▶ **WORK ITEM**:
Copy the listing below exactly. Pictures stay out of it.

▶ **EXERCISE DATA**:
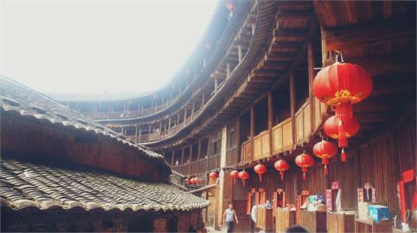承启楼里有一副堂联:“一本所生,亲疏无多,何须待分你我;共楼居住,出入相见,最宜注重人伦。”所描绘的正是一楼人和睦相处、其乐融融的动人情景。
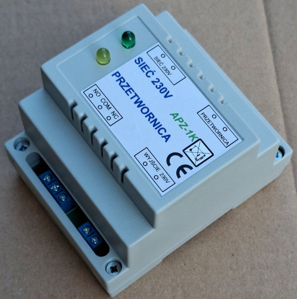 apz-1K также имеет дополнительный вспомогательный контакт. Это 3-контактный контакт переключения передатчиков: Common Com, открыть NC и № переключения. При сборе электроэнергии из сети (1) контакт компактный без NO, в то время как не используется энергопотребление из сети (1), контакт компактен с NC (и открывает от NO).
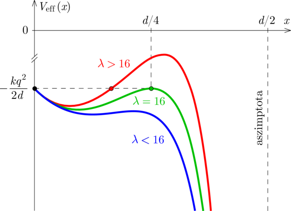 Vezessük be a \(\displaystyle \lambda=\tfrac{B^2d^3}{km}\) dimenziótlan paramétert! A \(\displaystyle V_{\mathrm{eff}}(x)\) grafikon alakja és a mozgás jellege nagyban függ \(\displaystyle \lambda\) értékétől. A függvény \(\displaystyle x\to d/2\) esetén \(\displaystyle -\infty\)-hez tart, ez a helyzet felel meg a két test összeütközésének. Kis \(\displaystyle \lambda\) (gyenge mágneses tér) esetén a (13) kifejezés zárójelében lévő második tag dominál, így a függvény szigorúan monoton csökken. Ha \(\displaystyle \lambda\) értékét (és ezzel együtt \(\displaystyle B\) nagyságát) fokozatosan növeljük, akkor a zárójelben lévő első, \(\displaystyle x\)-ben másodfokú tag erősödik, majd a \(\displaystyle V_{\mathrm{eff}}(x)\) függvénynek a \(\displaystyle 0<x<d/2\) tartományban egy lokális maximuma jelenik meg. Részletesebb függvényvizsgálattal kiderül, hogy \(\displaystyle \lambda<16\) esetén ennek a maximumnak az értéke \(\displaystyle E=-\tfrac{kq^2}{2d}\)-nél kisebb, \(\displaystyle \lambda=16\) esetén éppen ekkora, míg \(\displaystyle \lambda>16\) esetén a maximumértéke \(\displaystyle E\)-nél nagyobb (12. ábra).
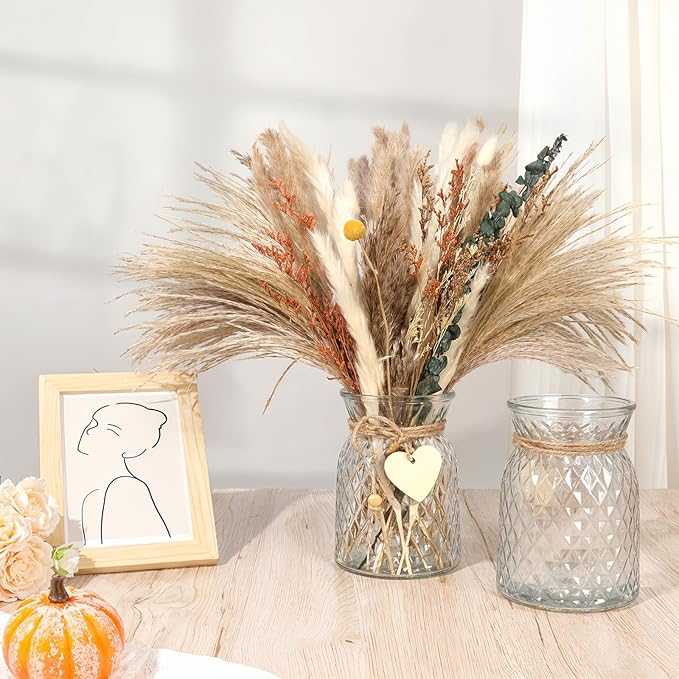 - ARTIFICIAL FLOWERS IN VASE FOR CENTER TABLE DECORATIONS:Create a bohemian feel for your desired setting with our natural dried pampas grass decorations! It comes with 2 glass vases, eliminating the need for you to prepare separate vases, and is perfect for creating a focal point on your dining table. The timeless and classic look of pampas grass will never go out of style, and there are so many ways to get creative with it, from wall hangings to table centerpieces to wedding decorations
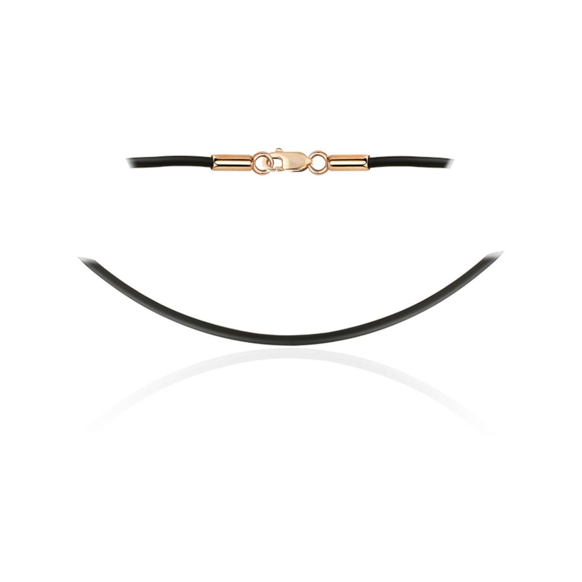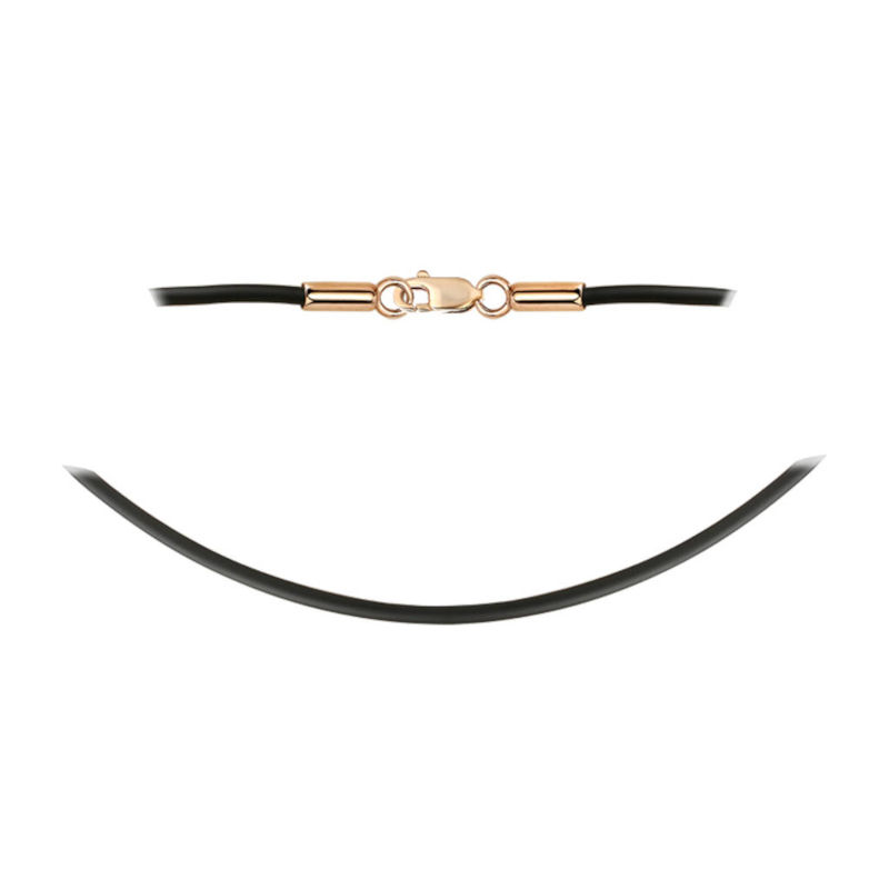 Колье на основе каучукового шнура с замком из красного золота 585 пробы. Особое украшение, которое полюбится и мужчинам и женщинам. Изделия из этого материала подходят для повседневной носки. Мягкая основа не царапает и не натирает кожу, не цепляется за одежду и волосы. Сочетайте грубые и нежные фактуры, дополняйте шнур различными подвесками и украшение будет каждый раз новым. Ширина шнура: 2 мм.
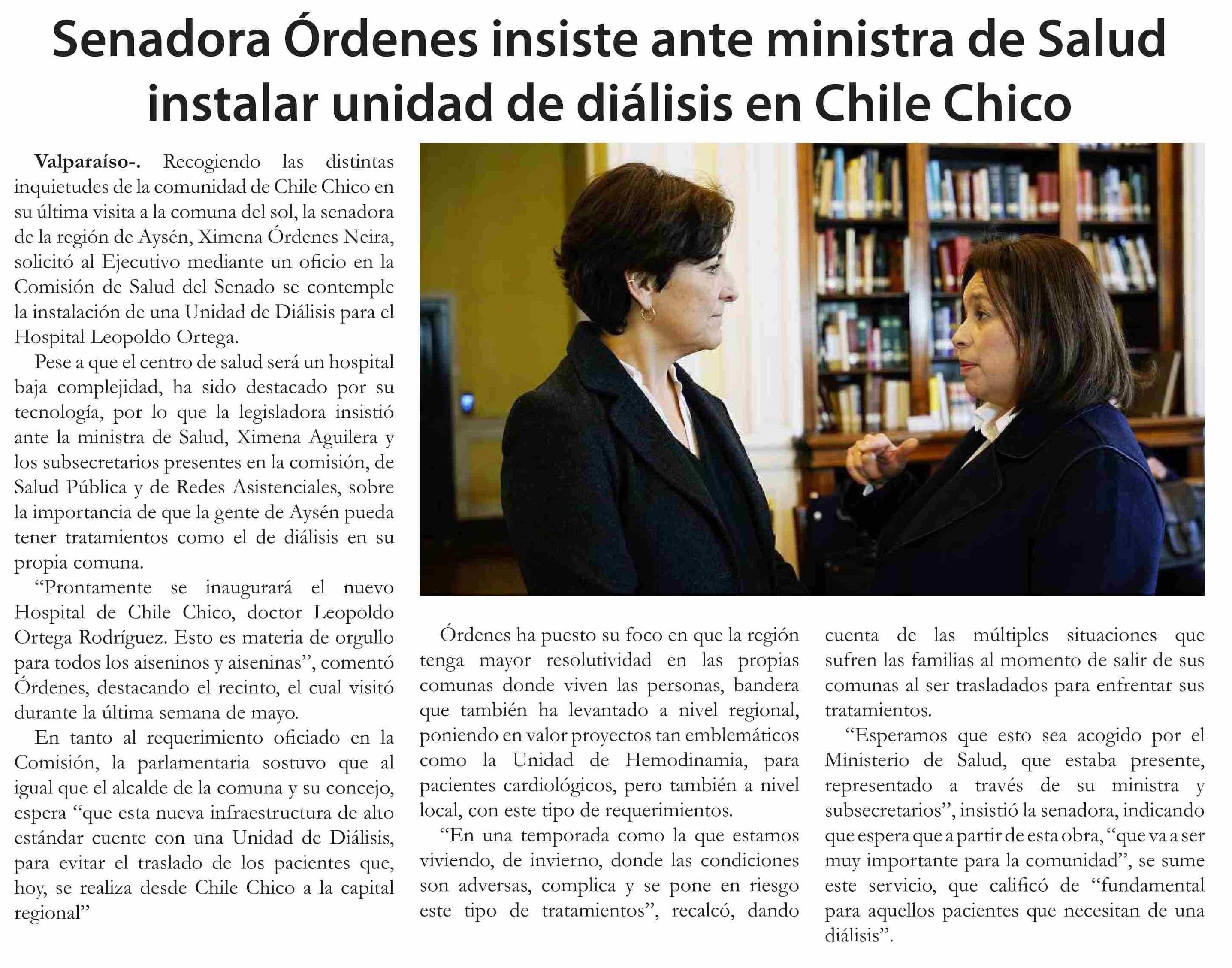Senadora Órdenes insiste ante ministra de Salud instalar unidad de diálisis en Chile Chico
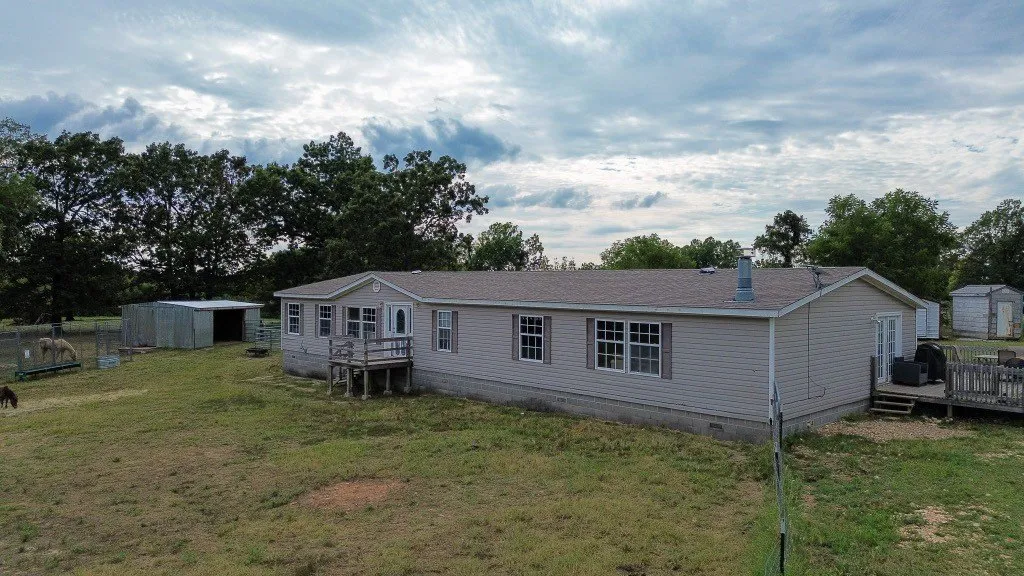 Beaver Road Homestead offers 2,660 sq. ft. of living space with 4 bedrooms and 2 bathrooms. This manufactured home has multiple living areas, a large kitchen, and spacious bedrooms. Outside, enjoy a large deck for entertaining and relaxing. The property has a livestock barn and is perimeter fenced with barbed wire, making it ready for pets or livestock. This homestead provides the quiet of country living with the convenience of nearby towns. The Beaver Road Homestead sits on approximately 3.5 acres of flat, usable ground. The property is fully fenced, offering both security and functionality for pets, livestock, or hobby farming. With open, level terrain, it provides plenty of space for outdoor activities, gardening, or future improvements. Improvements on the property include a 2,660 sq. ft. manufactured home with 4 bedrooms and 2 bathrooms, along with a pole barn covered in metal siding for storage or equipment use. Stella, Missouri, located in McDonald County, experiences a temperate climate with four distinct seasons-hot summers, mild to cool winters, and moderate rainfall throughout the year. The area receives an average of approximately 46 inches of rain annually, supporting the region's lush landscapes.

▶ **ANSWER SECTION**:
承启楼里有一副堂联:“一本所生,亲疏无多,何须待分你我;共楼居住,出入相见,最宜注重人伦。”所描绘的正是一楼人和睦相处、其乐融融的动人情景。
 apz-1K также имеет дополнительный вспомогательный контакт. Это 3-контактный контакт переключения передатчиков: Common Com, открыть NC и № переключения. При сборе электроэнергии из сети (1) контакт компактный без NO, в то время как не используется энергопотребление из сети (1), контакт компактен с NC (и открывает от NO).
 Vezessük be a \(\displaystyle \lambda=\tfrac{B^2d^3}{km}\) dimenziótlan paramétert! A \(\displaystyle V_{\mathrm{eff}}(x)\) grafikon alakja és a mozgás jellege nagyban függ \(\displaystyle \lambda\) értékétől. A függvény \(\displaystyle x\to d/2\) esetén \(\displaystyle -\infty\)-hez tart, ez a helyzet felel meg a két test összeütközésének. Kis \(\displaystyle \lambda\) (gyenge mágneses tér) esetén a (13) kifejezés zárójelében lévő második tag dominál, így a függvény szigorúan monoton csökken. Ha \(\displaystyle \lambda\) értékét (és ezzel együtt \(\displaystyle B\) nagyságát) fokozatosan növeljük, akkor a zárójelben lévő első, \(\displaystyle x\)-ben másodfokú tag erősödik, majd a \(\displaystyle V_{\mathrm{eff}}(x)\) függvénynek a \(\displaystyle 0<x<d/2\) tartományban egy lokális maximuma jelenik meg. Részletesebb függvényvizsgálattal kiderül, hogy \(\displaystyle \lambda<16\) esetén ennek a maximumnak az értéke \(\displaystyle E=-\tfrac{kq^2}{2d}\)-nél kisebb, \(\displaystyle \lambda=16\) esetén éppen ekkora, míg \(\displaystyle \lambda>16\) esetén a maximumértéke \(\displaystyle E\)-nél nagyobb (12. ábra).
 - ARTIFICIAL FLOWERS IN VASE FOR CENTER TABLE DECORATIONS:Create a bohemian feel for your desired setting with our natural dried pampas grass decorations! It comes with 2 glass vases, eliminating the need for you to prepare separate vases, and is perfect for creating a focal point on your dining table. The timeless and classic look of pampas grass will never go out of style, and there are so many ways to get creative with it, from wall hangings to table centerpieces to wedding decorations
 Колье на основе каучукового шнура с замком из красного золота 585 пробы. Особое украшение, которое полюбится и мужчинам и женщинам. Изделия из этого материала подходят для повседневной носки. Мягкая основа не царапает и не натирает кожу, не цепляется за одежду и волосы. Сочетайте грубые и нежные фактуры, дополняйте шнур различными подвесками и украшение будет каждый раз новым. Ширина шнура: 2 мм.
Senadora Órdenes insiste ante ministra de Salud instalar unidad de diálisis en Chile Chico
 Beaver Road Homestead offers 2,660 sq. ft. of living space with 4 bedrooms and 2 bathrooms. This manufactured home has multiple living areas, a large kitchen, and spacious bedrooms. Outside, enjoy a large deck for entertaining and relaxing. The property has a livestock barn and is perimeter fenced with barbed wire, making it ready for pets or livestock. This homestead provides the quiet of country living with the convenience of nearby towns. The Beaver Road Homestead sits on approximately 3.5 acres of flat, usable ground. The property is fully fenced, offering both security and functionality for pets, livestock, or hobby farming. With open, level terrain, it provides plenty of space for outdoor activities, gardening, or future improvements. Improvements on the property include a 2,660 sq. ft. manufactured home with 4 bedrooms and 2 bathrooms, along with a pole barn covered in metal siding for storage or equipment use. Stella, Missouri, located in McDonald County, experiences a temperate climate with four distinct seasons-hot summers, mild to cool winters, and moderate rainfall throughout the year. The area receives an average of approximately 46 inches of rain annually, supporting the region's lush landscapes.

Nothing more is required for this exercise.